Wolf, meanwhile, claims support from more moderate groups such as the Kansas National Education Association, Kansas Families United for Public Education and Educating All Children in Kansas.
Both candidates are generally supportive of Gov. Sam Brownback’s proposal for overhauling school finance, which would give school districts the unlimited ability to raise property taxes.
They differ on other issues, however.
Wolf opposes giving the governor the ability to select appeals court judges. Harvey thinks the state needs to move to a system like the federal government, where the governor nominates judges who are confirmed by Senate.
Harvey supports allowing people with licensed concealed-carry permits to carry their firearms into public buildings. Wolf has opposed the legislation.

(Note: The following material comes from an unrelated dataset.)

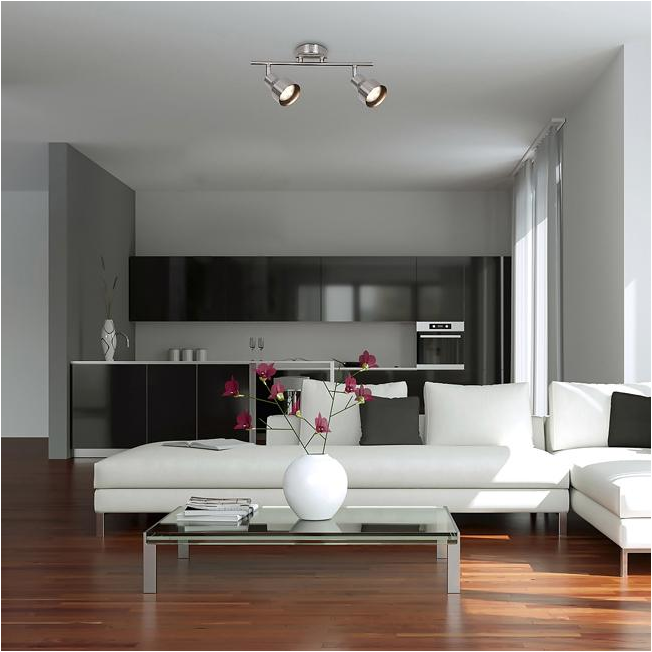 A modern stílusú Blake kettes spotlámpa a lakás számos helyiségébe jó választás lehet: felszerelhetjük a nappaliban, a hálószobában, de az étkezőben vagy akár a konyhában is. A teljes egészében fémből készült, szatinkróm színű lámpa kerek dísztalp segítségével rögzíthető a falra. Az állítható lámpafejek a dísztalphoz erősített vízszintes tartórúdon helyezkednek el. A Blake két darab, egyenként legfeljebb 50 W teljesítményű fényforrással használható, a foglalatok típusa GU10. Ízlésünktől és a felszerelés helyétől függően választhatunk hozzá meleg vagy természetes fehér fényű fényforrásokat.
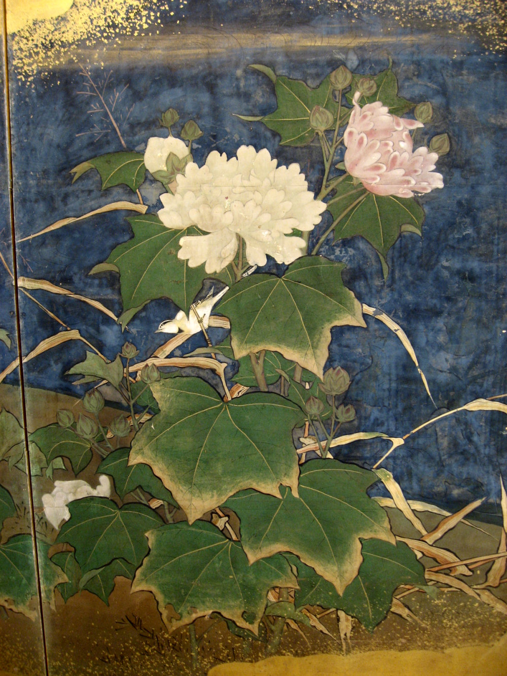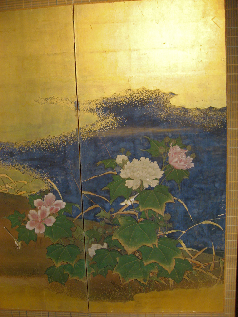 Two hold paper screen painted in ink and color on a gold ground with flowers and birds

On taxes, Wolf voted against the massive tax-cuts that the Legislature approved this year but are forecast to leave the state with gaping holes in its budget in the future. Harvey said he would have opposed that bill, too, blaming the Senate for playing games by making it so costly that few thought it would pass.
Wolf did vote for a much less costly tax plan in March that would have cut state income taxes incrementally and eliminated the sales tax on food. The bill Wolf supported also would have kept the deductions in place for home mortgage interest and charitable contributions.
Harvey, who wants to eliminate the income tax, said he would have supported the plan that Brownback originally presented. Brownback’s plan originally proposed steeper income tax cuts than the bill Wolf supported. But Brownback would have partly paid for those cuts by eliminating deductions for home mortgage interest and charitable contributions as well as keeping a temporary sales tax increase in place.
Harvey said the governor’s original plan to cut income taxes would have more than offset what homeowners might have lost with the home mortgage deduction.
Wolf said she supports tax cuts that are “reasonable” that the state can afford, but she said it’s not responsible to pass tax cuts that leave big holes in the state budget.